For special tissues, such as keratinized epithelial stratified squamous was obtained from human skin and urinary epithelial tissue of cat, which were donated by Laboratorio de Patología, Universidad Nacional de Colombia.
Digital Image Acquisition. The acquisition of 20,000 digital images (or photomicrographs) was performed in a photomicroscope (Zeiss) using a video camera (Sony).The images were stored in color format JPG at 640x480 resolution.
All images were labeled, using the annotation tool to be described in Section 3.4, with a general text that describes the tissue or/and organ which represent them. On the other hand, we made a marking of regions in the images delineating a polygon of presence in the images of different tissues: epithelial, connective, muscular and nervous (Fawcett and Bloom 1997). Also some of these images have descriptions of the different tissues that characterize the organs of different systems (digestive, respiratory and nervous).

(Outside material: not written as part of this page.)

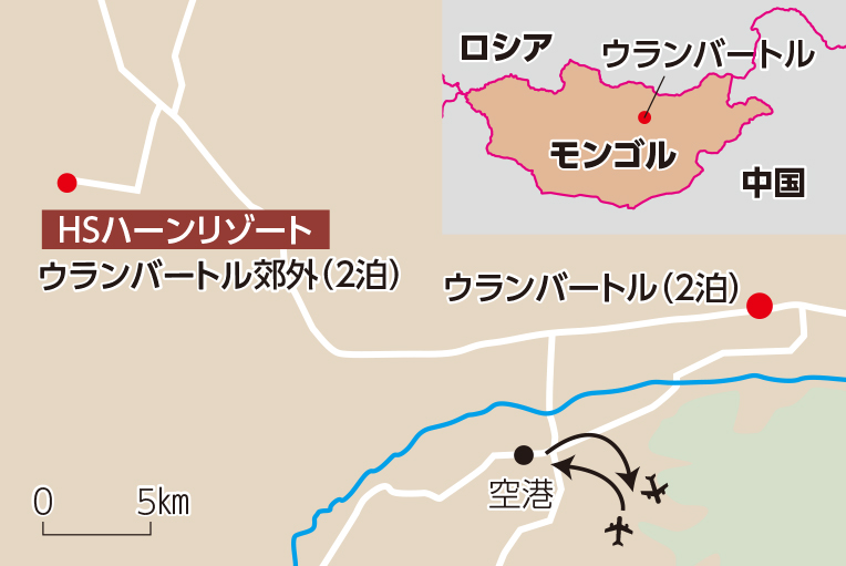※日程表の時刻は、成田空港発着のミアットモンゴル航空の利用を想定したものです。他の航空会社を利用の場合には、時刻および日程は異なります。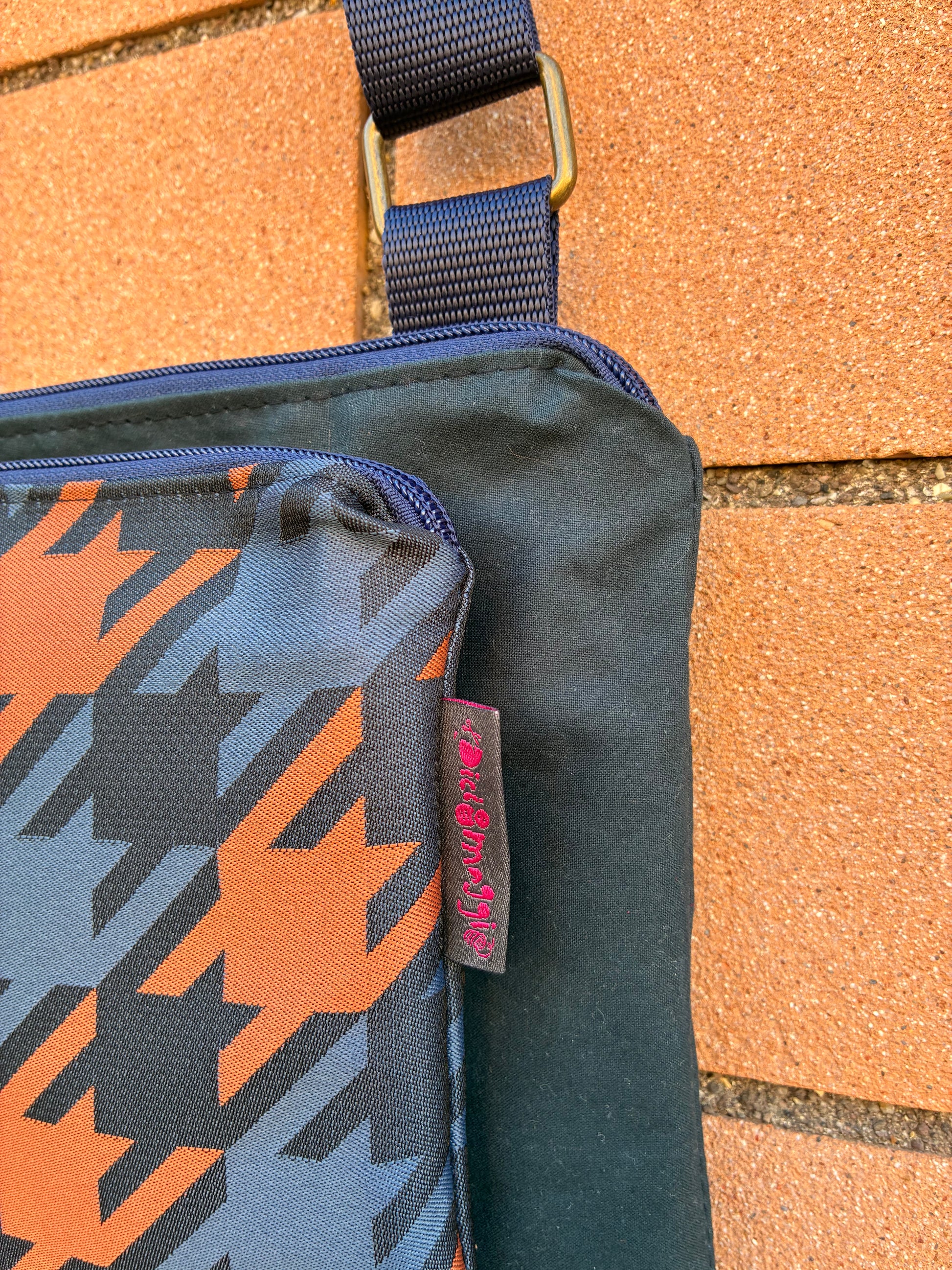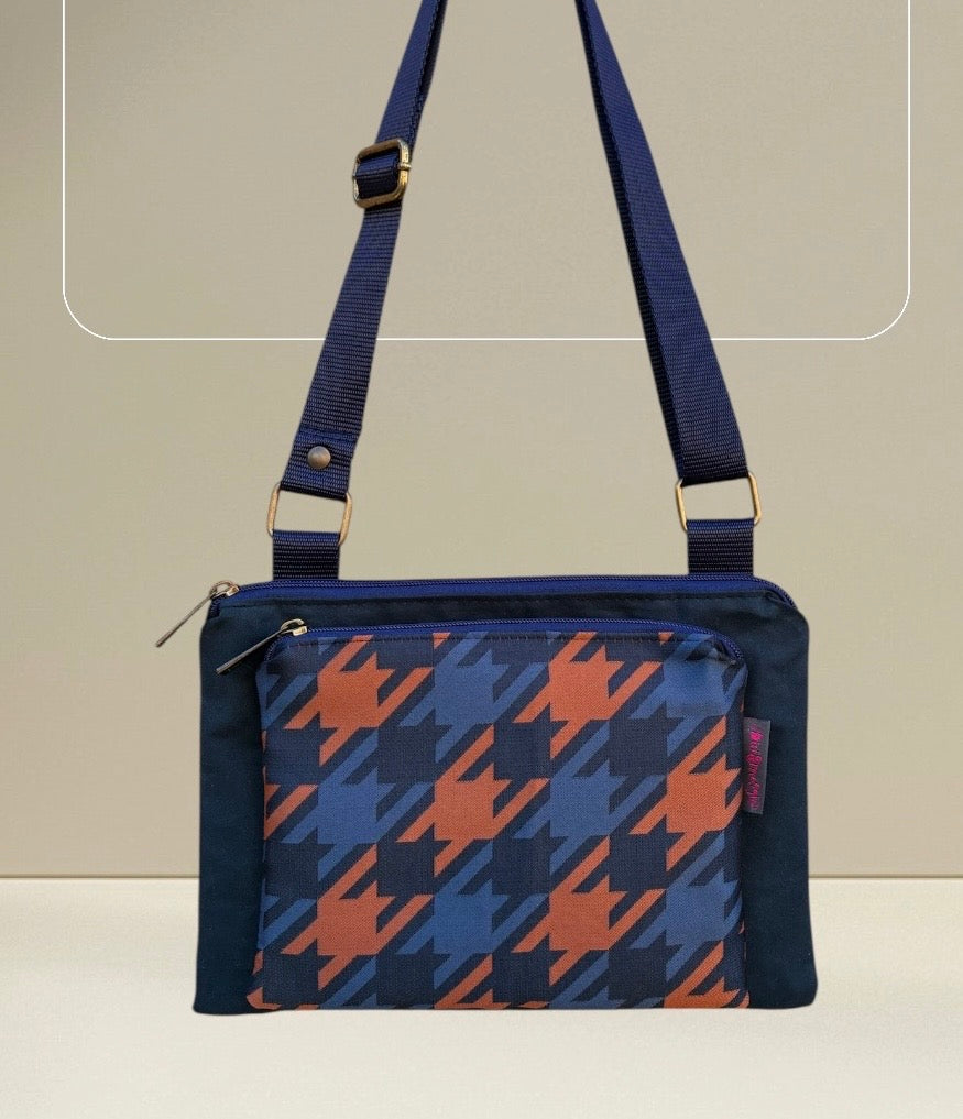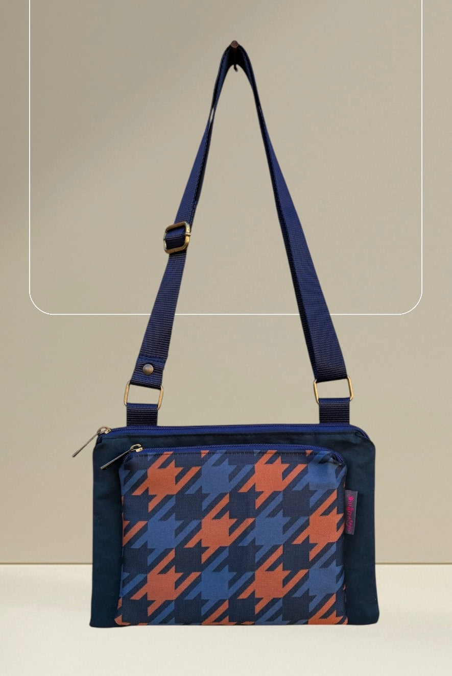 Tessuti utilizzati: cerato blu, tessuto pied de poule ruggine e blu, tracolla nylon blu.

SYSTEM ARCHITECTURE AND FUNCTIONALITY
The architecture of the system is based on a service-oriented paradigm, where each component exposes its functionality as a web service. Figure 1 shows an overview of the architecture. The storage component manages image collection operations including image upload, image download, image meta-data, collection information, user and control access. The annotation component offers a web interface to the expert for annotation purposes. The indexing component manages the index structure, which brings typical information retrieval functionalities like stop-words removal, stemming, similarity measures, recommendations, among others. The image retrieval component manages the content-based image retrieval tasks (visual and textual). The user interface component exposes the system functionality to the user using a web interface. Finally, the visualization component offers a 2D visualization that allows the user to interactively explore the image collection.
User Interface. The system provides content-based image retrieval functionalities that allow the user to find images of interest querying the system with textual keywords or visual examples. The look-and-feel of the end-user interface is shown in Figure 2. The retrieval interface of the application has the following interacting tools: (1) a main menu with the most common keywords in the collection; (2) a text box where user enters textual keywords; (3) check boxes for selecting the low-level features to be used in the visual retrieval process; (4) a similar-images link for retrieving images by visual content; (5) a cloud of concepts automatically generated from textual annotations; and (6) a 2D visualization of the results obtained in visual and textual searches (Gonzalez and Romero 2009).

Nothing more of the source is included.